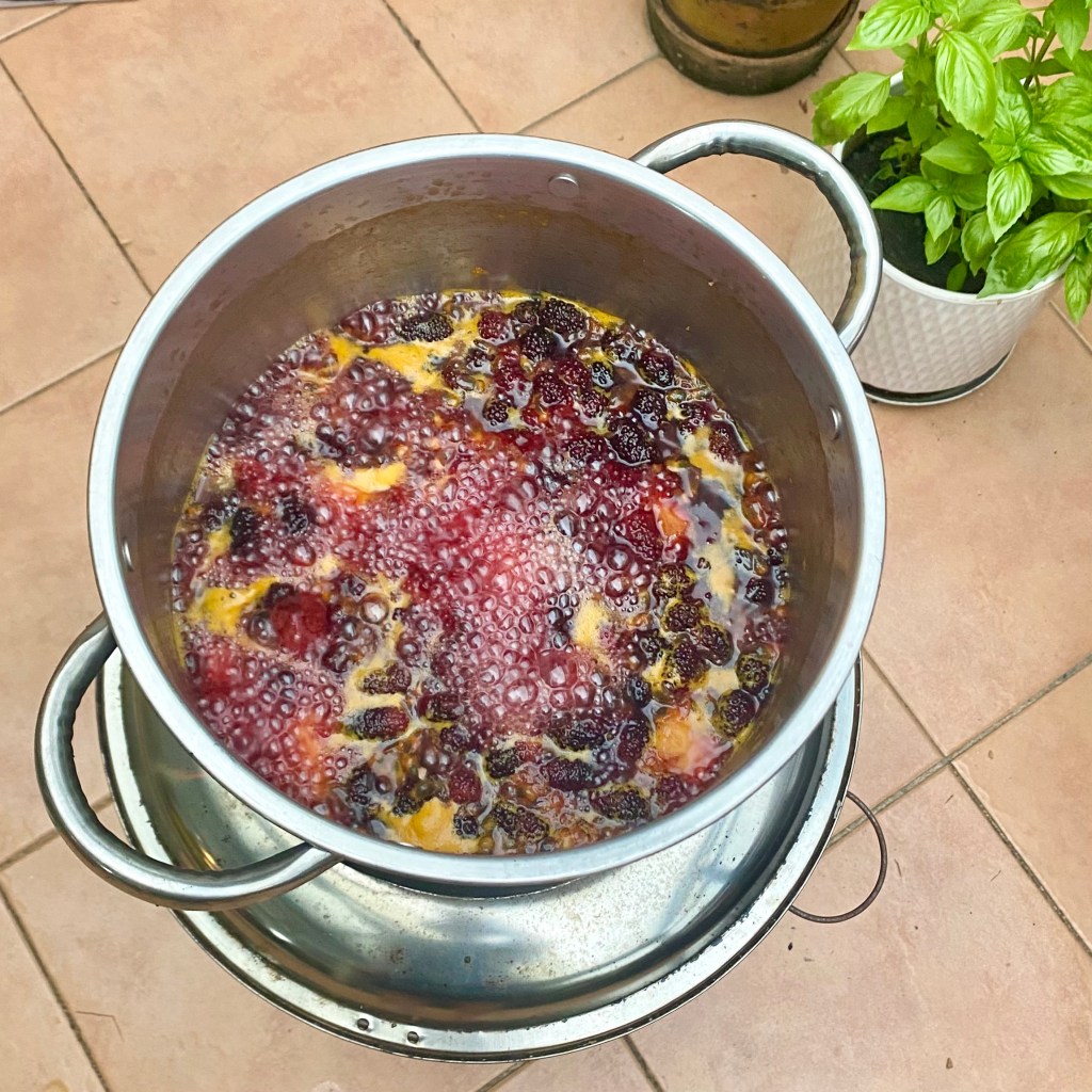 家門口的桑葚樹結實纍纍,蟲跟鳥都喜歡的軟甜果實,我們不常住都很難有機會採收,天時地利人合採收了一大碗,加上好多好多的糖,熬煮出桑葚糖漿特有的香氣,再加上一顆盛產期的香甜鳳梨,水果茶完成囉!煮過的鳳梨像罐頭口感好好吃!
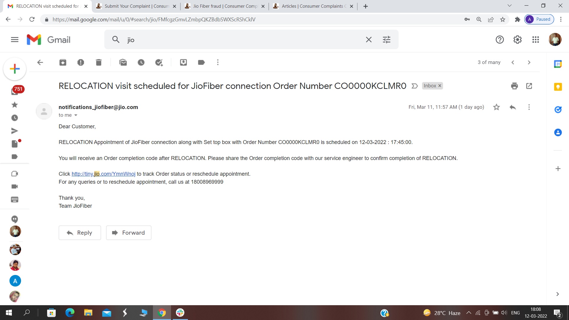 I am using Jio fiber connection from last two years. Now I changed my home so I requested them to reallocate my connection on new location. I called them before recharge because I was not sure that they will reallocate or not but they said recharge now and it will be reallocate in two days. I recharged my connection plan on 8th of march 2022 and requested for reallocation on 9th march 2022, I got a message and they scheduled it on 10th march 2022 on 5:30pm but on 10th march 2022 I received a sms from their side that your request cancelled due to address verification. I called their customer care and they could not provide any satisfactory response. After that on 11th march 2022, again I generate a request for the reallocation and I received a sms from their side that it will be done by 12th march 2022. But I have not received any call from their side and no engineer visit regarding this. I am an IT professional and doing work from home so internet is the primary thing for me. I paid them because I don’t want any delays in internet use but think those guys are not serious about this. If I am not using their services from past 3-4 days then who will pay to me. I want to reallocate my connection without delays and compensate about i am not using services after payment as well. Please look into this and it will be great help for me.
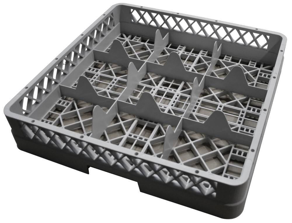 Kosz do zmywarki na szkło 9 przegród / 500 x 500 x 108 mm, szary
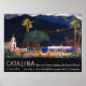 Vintage travel poster for tourism to Santa Catalina Island, California, showing a church and a plaza with a ship passing by in the distance, circa 1935
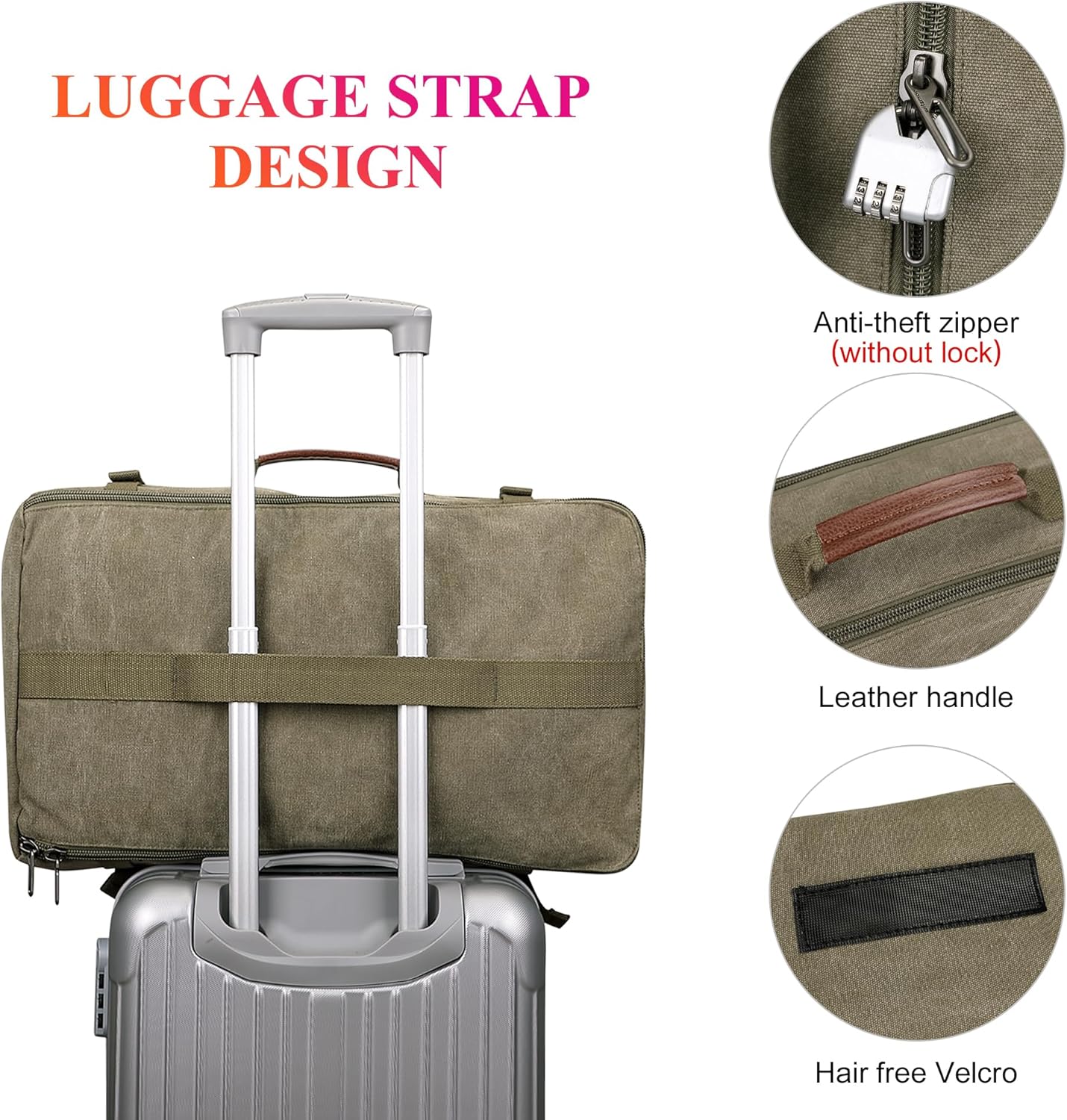 Made from high-density canvas with PU leather accents and strong metal zippers for lasting durability.

-------

- **PROMPT**: Write out exactly the lines that run from the one containing "Vintage travel poster" to the last line of the entries above, both ends kept, pictures left out.

- **ANSWER BELOW**:
 Vintage travel poster for tourism to Santa Catalina Island, California, showing a church and a plaza with a ship passing by in the distance, circa 1935
 Made from high-density canvas with PU leather accents and strong metal zippers for lasting durability.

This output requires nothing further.